If a rich business magnate cut you a cheque for €85m, set a 10-year time limit, and asked you to help burn through that wad of cash before the sun sets on that deadline, what would you do? Would you buy planes, trains, automobiles? Would you purchase entire sports teams, thoroughbred racehorses and lavish properties?
For many, it’s a sum of money that is pretty impossible to visualise. But it’s also the amount that Declan Ryan, son of Ryanair founder Tony Ryan, set his sights on giving away to good causes while he was still young. He needed help, so he called Deirdre Mortell.
The above scenario isn’t quite exactly what happened. As Mortell explains, she was contracted by Ryan, who noticed her record of working with non-profits and her steady climb up the career ladder as a fundraiser. Mortell and Ryan set up the One Foundation philanthropic organisation in 2004, and Mortell came on board as CEO.
‘I think, somehow, ‘Ireland Inc’ understands the importance of innovation in the business sector but undervalues its importance in the social sector’
– DEIRDRE MORTELL
Mortell was originally born in the US but moved to Cork with her family when she was five years old. She went on to complete a business degree at University College Cork (UCC).
“During that time, I got very involved in student politics, particularly women’s issues,” she tells Siliconrepublic.com. “So, I was elected to the student union and, as part of that, I was involved in campaigning for the first female doctor on campus for students.” After steering that cause, Mortell was subsequently elected to student government.
When she graduated in 1989, emigration was rife in Ireland, and so she, like many of her cohorts, decided to travel the world for a few years, eventually returning to Dublin to take up a master’s degree in women’s studies at Trinity College Dublin.
“I was very interested in concepts around female leadership, and how women and men lead or manage, and how that is the same or different.”
‘Venture philanthropy’
Fast forward to 2013: the sunset fund is soon to close, as planned. Yet what neither Mortell nor Ryan (nor most people, for that matter) had anticipated back in 2004 was that Ireland would be in the throes of massive economic recession in the 2010s.
“As a result, when One Foundation closed, and Atlantic Philanthropies announced they were going to close three years prior, it became clear that 85pc of the organised philanthropy in Ireland was going to close within the space of three years.”
Mortell worried that organisations working with vulnerable groups and vulnerable migrants – organisations that were vital to begin with, let alone during a period of economic downturn – would really struggle as a result.
The Irish Government set up a task force to investigate what could be done to encourage philanthropy during a recession. This led to the recommendation to set up the Social Innovation Fund, which Mortell came on board to lead in 2014.
Have you registered to attend our webinar on Friday, 6th December at 11am where we will be speaking in detail about our exciting new #AbilityToWork Fund? If not you can do so here: https://t.co/FLOwoYSrdB @StateStreet @DeptRCD pic.twitter.com/Bk2QSzl2ZZ
— Social Innovation Fund Ireland (@SInnovationIRL) December 4, 2019
To date, the Social Innovation Fund has funded 116 projects, the majority of which were funded in the last two years. It raises philanthropy by approaching individuals, couples, large multinationals and SMEs.

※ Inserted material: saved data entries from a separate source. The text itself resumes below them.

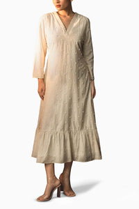 Featuring the Aisha dress, a masterpiece of sophistication and charm. Adorned with intricate all-over embroidery and delicate frills, this dress is crafted from luxurious cotton silk with a cotton lining. Ideal for those seeking timeless elegance with a modern twist.
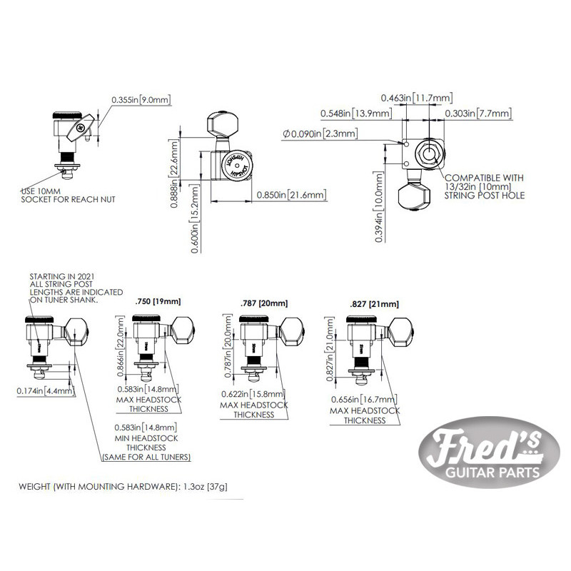 The original Roundbacks from Kluson! "Roundbacks" are closed type, maintenance-free tuners for modern 10mm pegholes. The special 18:1 gear-ratio allows for extremely smooth and precise tuning. Lowest tolerances and best manufacturing technology make the Kluson "Roundbacks" the perfect standard for modern tuning machines. for 6-left headstocks Oval Buttons...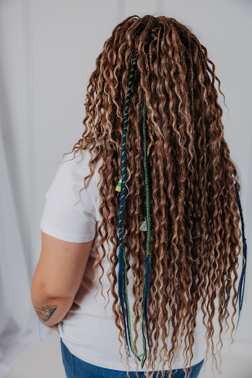 Simply braid Eclipse into your braid-in extensions or natural hair wherever you want her mysterious glow to shine. Place her front and center for a bold, cosmic statement, or tuck her in for a flash of surprise color that catches the light just right.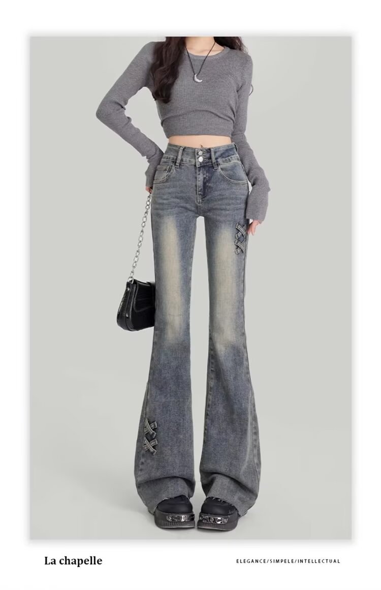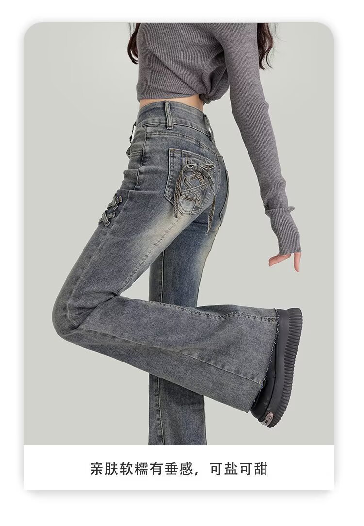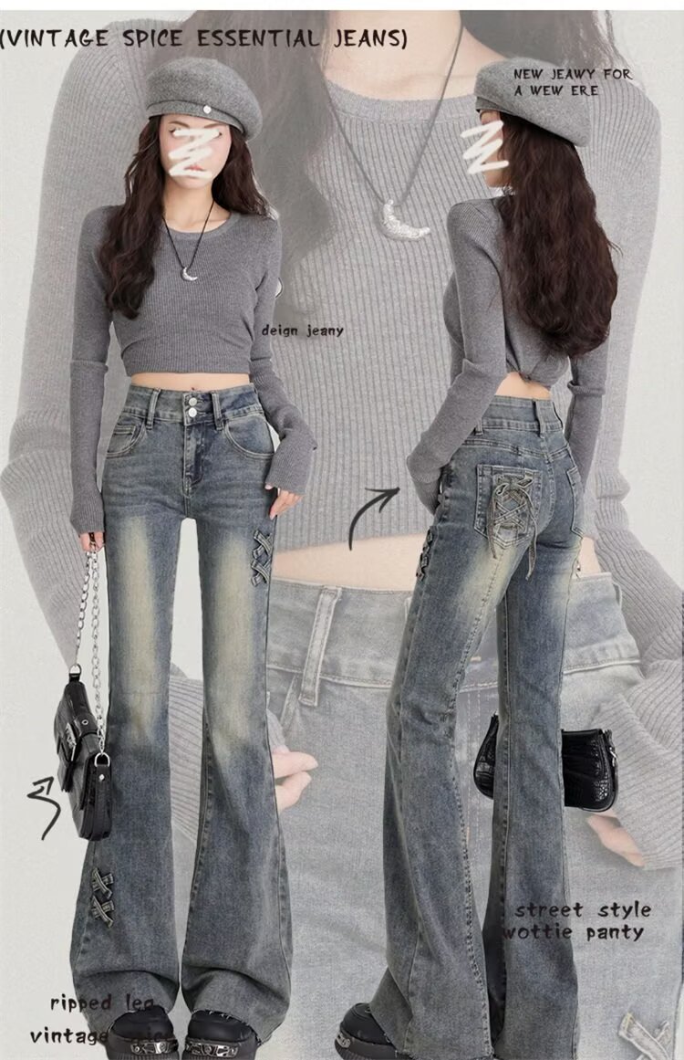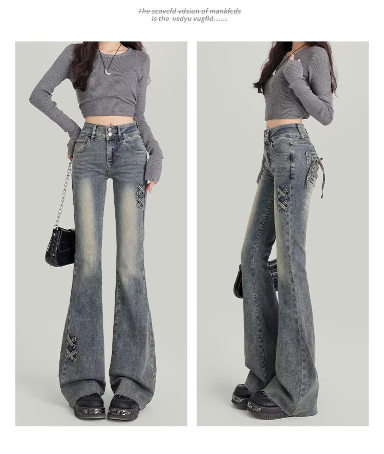 [스토어 핫셀링] 레트로 블루 더블 버튼 하이웨이스트 마이크로 플레어 청바지 여성 2025 봄 가을 신상 스트레치 보우스토어 가기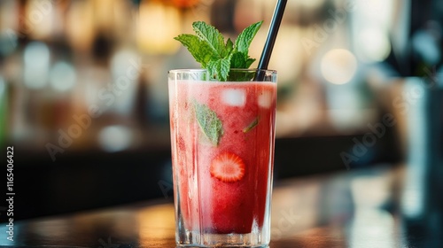 A refreshing smoothie made with strawberries, yogurt, and mint leaves, served in a clear glass with a straw, showcasing the drink's vibrant colors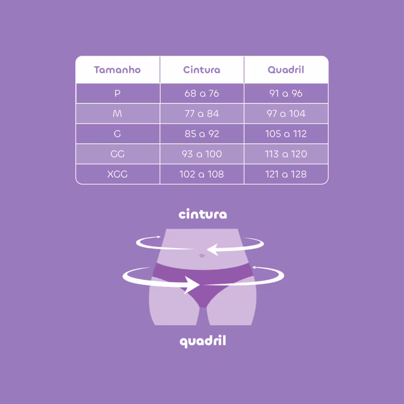 Ela é segura e ideal para todos os dias do ano, ideal para sua menstruação, incontinência urinária leve a moderada, fluídos naturais do corpo e para o período pós-parto. Pensada para todos os corpos! Você com mais liberdade para realizar todas as suas atividades com muito mais conforto e segurança.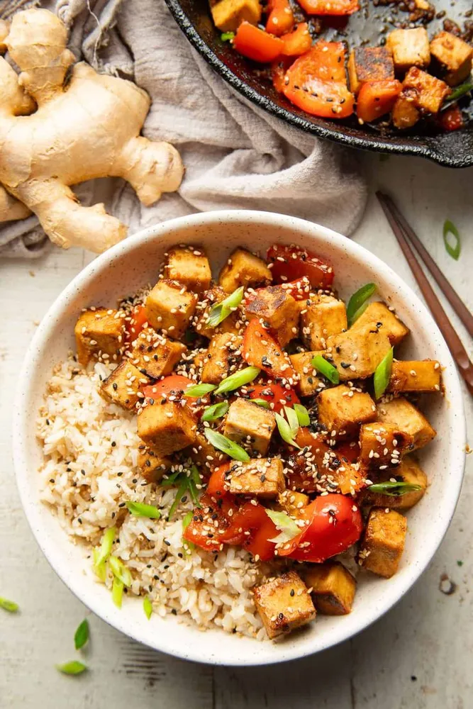 Mixed veggies in soy sauce, ginger, almonds come with rice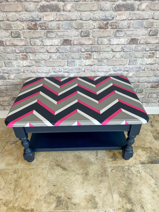 Stunning Geometric Pine Coffee Table – Hand Painted in Bold Midnight Blue & Pink Fusion Tones”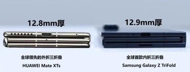 从设计来看,三星和华为的三折叠手机存在较为明显的差异。三星的TriFold设备采用双侧内折铰链设计,而华为Mate XT在折叠时则呈现出独特的Z字形结构。值得一提的是,TriFold展开状态下最薄处仅3.9毫米,内部搭载5600毫安时电池,创下三星折叠屏手机的最大电池容量纪录。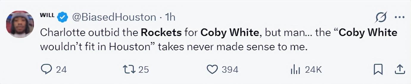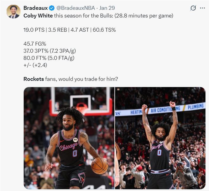 在懷特被擺上貨架後,火箭記者Bradeaux就寫道,懷特在公牛場均28.8分鐘可以拿到19分4.7助攻3.5籃板,三分命中率37%,真實命中率60.6%,火箭球迷們喜歡他來嗎?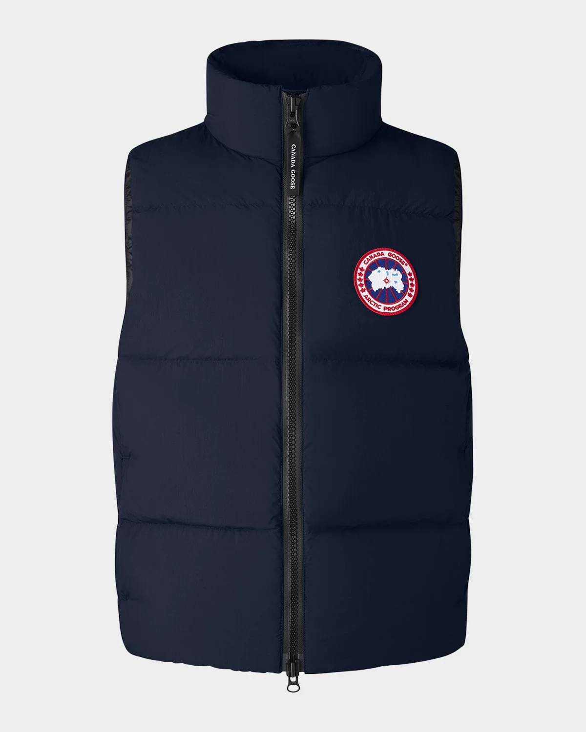 - Canada Goose "Lawrence" puffer vest made with recycled Enduraluxe, a water-repellant fabric with a durable soft-to-the-touch finish - TEI 1 is optimal for temperatures 40°F to 25°F; It is lightweight and adaptable for active pursuits - Structured down-filled collar - Sueded tricot chin-guard adds softness and comfort - Two-way front zipper for added range of motion and venting - Two exterior pockets: two zippered hand pockets - One interior pocket: zippered security pocket - Hem is longer in the back for added protection - Reflective double stripe grab strap on back - Nylon - Lining: Recycled polyester - Fill: Down/feather - Machine wash cold - Made in Canada - The Thermal Experience Index (TEI) is an easy-to-understand five point system that enables you to make an informed choice in your search to find the right parka, jacket, or knitwear for your specific environment and activity. It works using a scale, in which 1 indicates the lightest insulation--jackets, lightweight down for active pursuits--and 5 indicates the warmest parkas we make, the kind trusted in the world’s harshest conditions.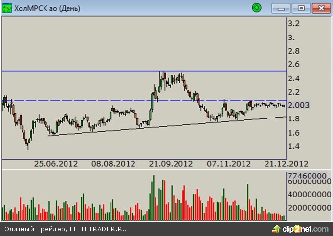 Цены продолжают консолидироваться под уровнем локального сопротивления - отметкой 2.05 рублей. Фактор удержания покупателями достигнутых высот несмотря на значимый уровень при слабости широкого рынка в последние дни, в перспективе может способствовать пробою текущего уровня предложения. С технической точки зрения это обстоятельство откроет ценам дорогу в район отметки 2.50. Слабость покупателей приведет к снижению котировок в район линии спроса локального восходящего тренда.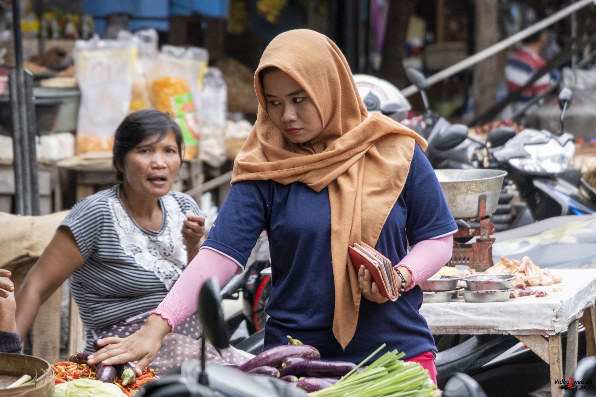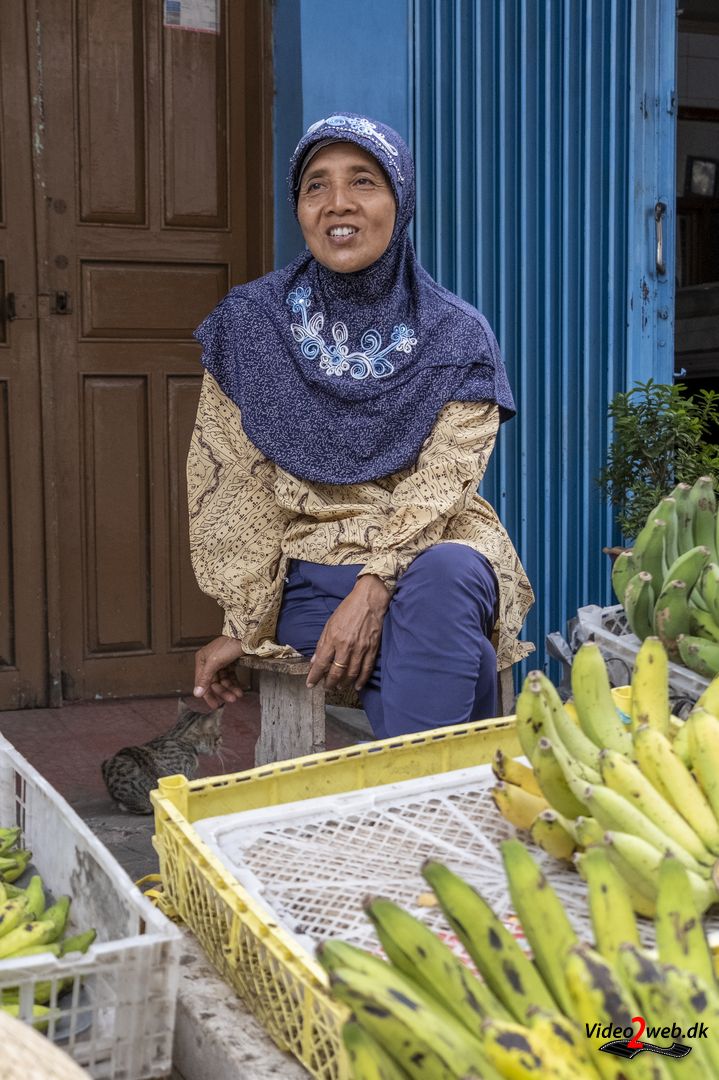 - Muslimsk kvinde på indkøb på marked i Singaraja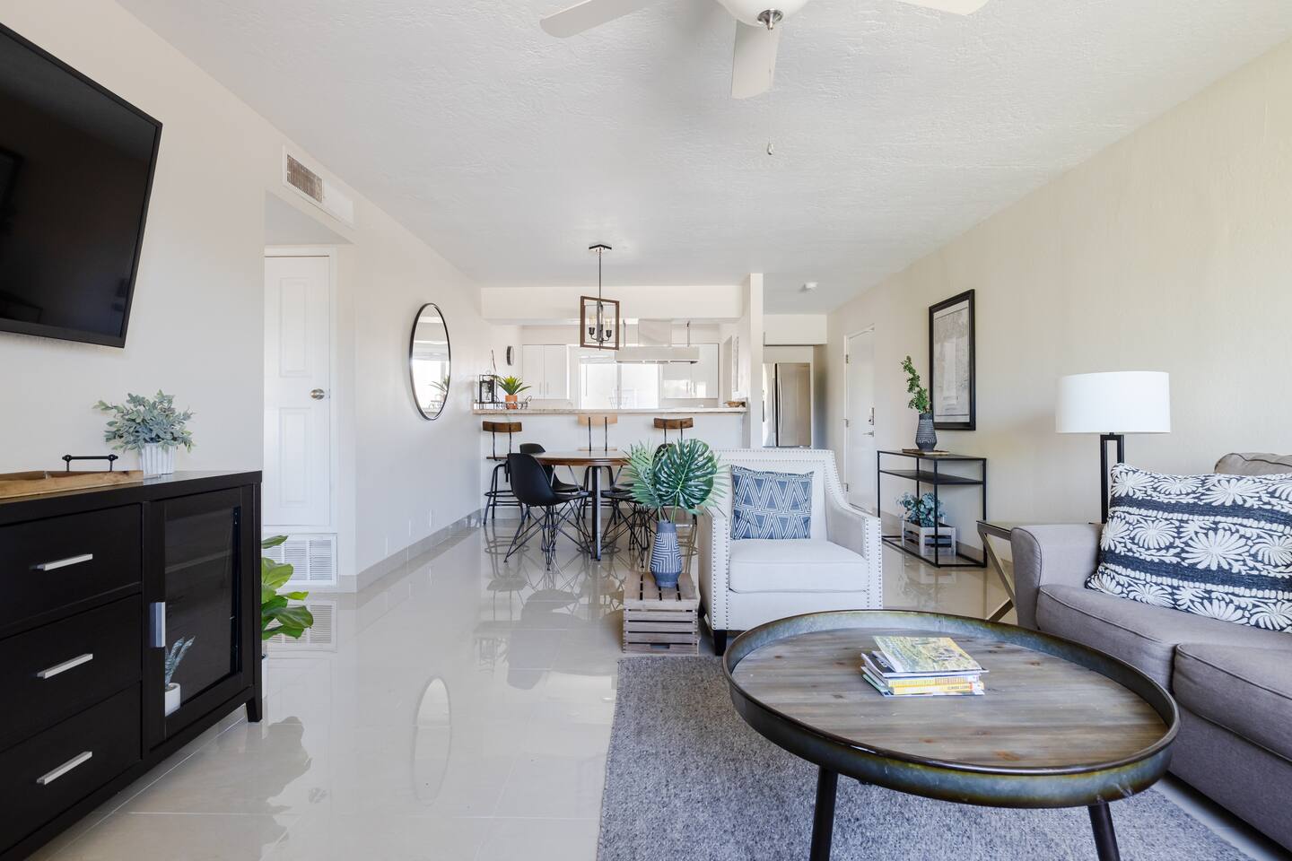 Enjoy sole access to this sunny 2BR condo in South Scottsdale, and private patio. Did we miss something? We're here to help. Send a message or call us during your stay and someone will assist you right away. *Important: Though our smart TVs have streaming apps installed (Netflix, Disney+, Amazon Prime), guests would need to log in with their own credentials. Please remember to logout of the apps at checkout. Per regulations, guests are not allowed to use the mailboxes on site. You may have Amazon packages delivered to the door and also use nearby post office boxes for mail. We would not be liable for any lost packages.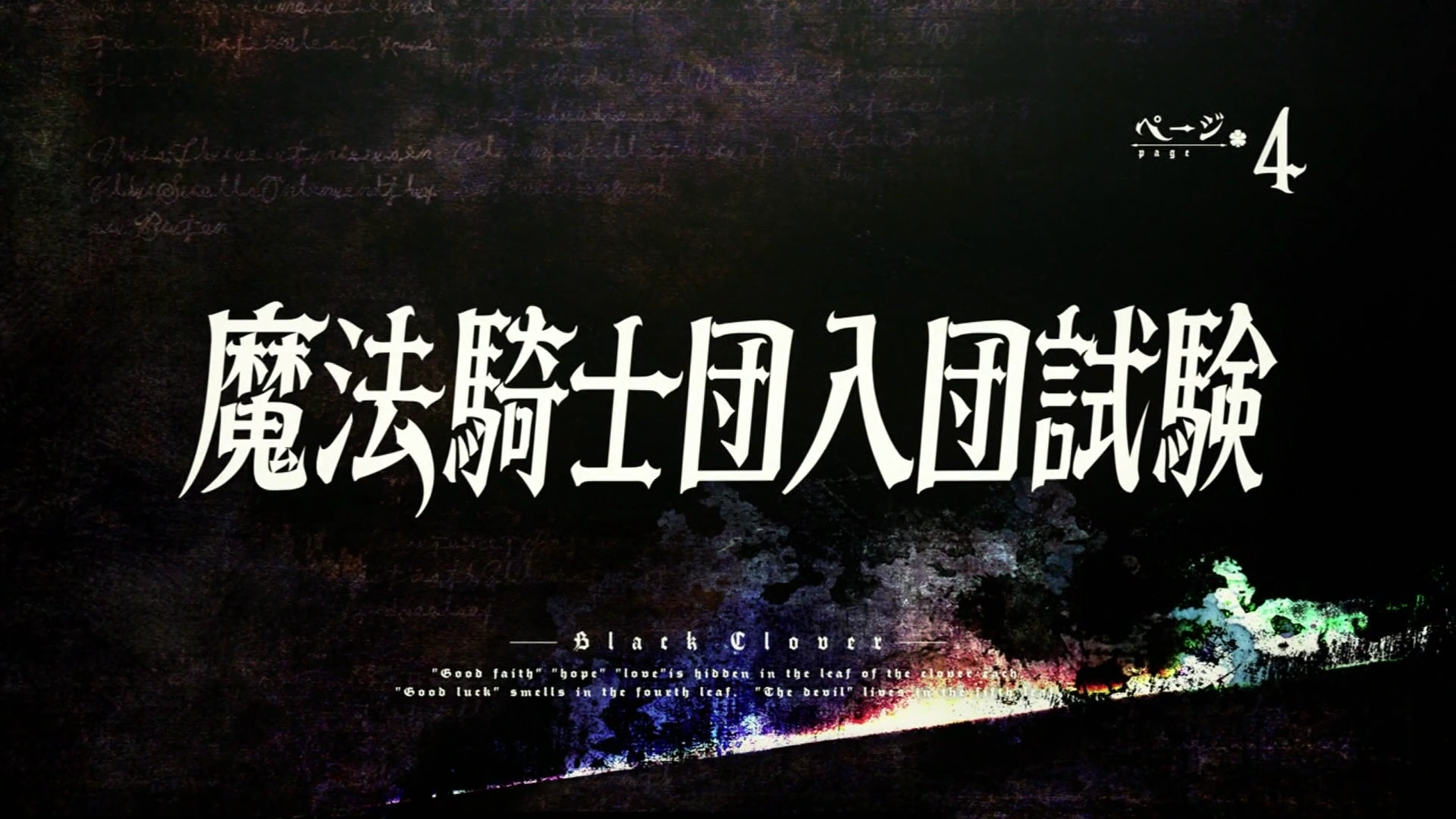 O Exame de Admissão Para Os Cavaleiros Mágicos 「魔法騎士団入団試験 Mahō Kishi-dan Nyūdan Shiken」é a 4ª página de Black Clover de Yūki Tabata.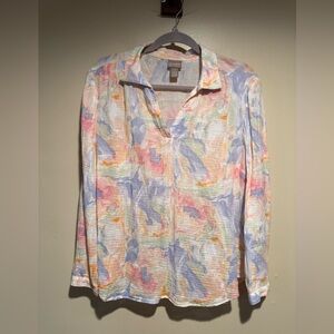 When hanging & tied it was a comfortable 14.5” pit to pit.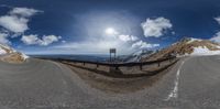 the 360 - view lens picture shows the road and mountains in the distance with clouds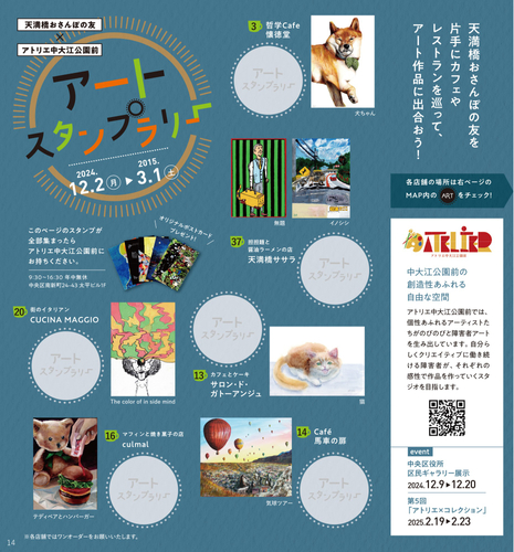 株式会社絆ホールディングス(本社:大阪市中央区)が運営する、障害者アートのアトリエ「アトリエ中大江公園前」と地域の魅力を発信する情報誌「天満橋おさんぽの友」は、共同で「天満橋おさんぽの友×アトリエ中大江公園前 アートスタンプラリー」を開催します。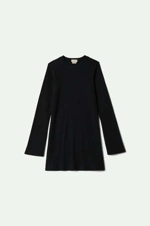 Simple lines for an elegant and timeless look. Elegant and sophisticated with a touch of style, this knit dress combines a classic cut with modern details. Slightly flared sleeves and a mid-thigh length give it a retro-inspired silhouette, while the soft knit and high collar make it comfortable for cooler weather. 175 gsm pointelle cotton.
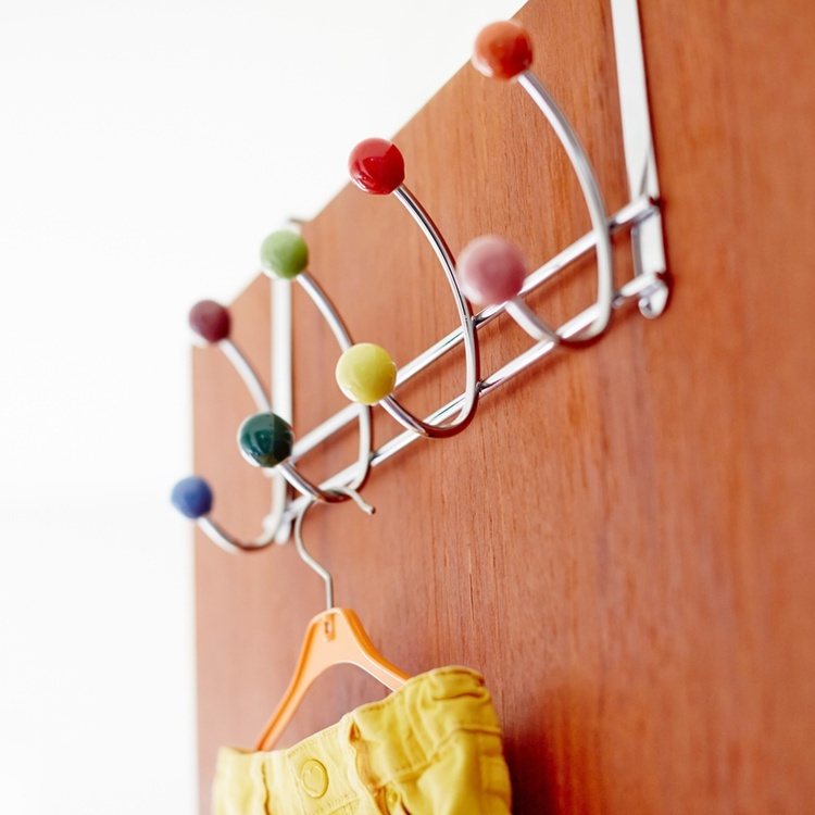 When the door is open, a hidden nook is created to hang clothes on. The hook hanger is hooked onto the door and does not need any screws.

Any donations gained are then matched by the Government, through what is called the ‘Dormant Accounts Fund’ – a fund of unclaimed monies left in accounts at various credit institutions for long stretches of time. This money is then set assigned for, according to Pobal, “the personal and social development of persons who are economically or socially disadvantaged”.
During Mortell’s time at the helm of the One Foundation, she worked off of a concept known as ‘venture philanthropy’. Essentially, it involves using the tools and methodology of venture capital to support non-profits. “The only thing that’s different is that your financial instrument is not equity or loan, it’s a grant. We learned our trade with an organisation called New Profit Inc, who were really pioneering in the US at the time.”
Corporate funding
Many of the largest billion-dollar multinationals that have set up shop in Ireland – Google, Medtronic, State Street and Bank of America – have committed six-figure amounts to various measures, to be doled out over multiple years. Bank of America, for example, has pledged €900,000 over three years (which has been matched by Government, bringing the fund’s total value to €1.8m) to a fund entitled ‘Mná na hÉireann’.
“[This fund] is focused on the economic mobility of women,” Mortell explains. “Particularly women who are disadvantaged in some way. We’re focused on moving women out of poverty and into sustainable employment.”
This fund led to the creation of a number of grants, including ‘Dress for Success’, which provides women who are on the job hunt with professional clothes to wear to interviews.
The Social Innovation Fund has also awarded a grant to the Transgender Equality Network Ireland (TENI) to support transgender women in searching for and keeping employment, covering everything from retraining to getting their confidence back.
‘Ireland Inc’
Many of the schemes Mortell names revolve around gaining and keeping employment, and that seems to align with what she notes, as a primary goal: to stimulate the economy and encourage employment.
“I think everybody understands that if we want to create jobs and create growth in the economy, then we need to back innovation. It’s not very hard to extrapolate from that and say that, therefore, if we want to solve our critical social issues, we need to also back innovation.
“I think, somehow, ‘Ireland Inc’ understands the importance of innovation in the business sector but undervalues its importance in the social sector.”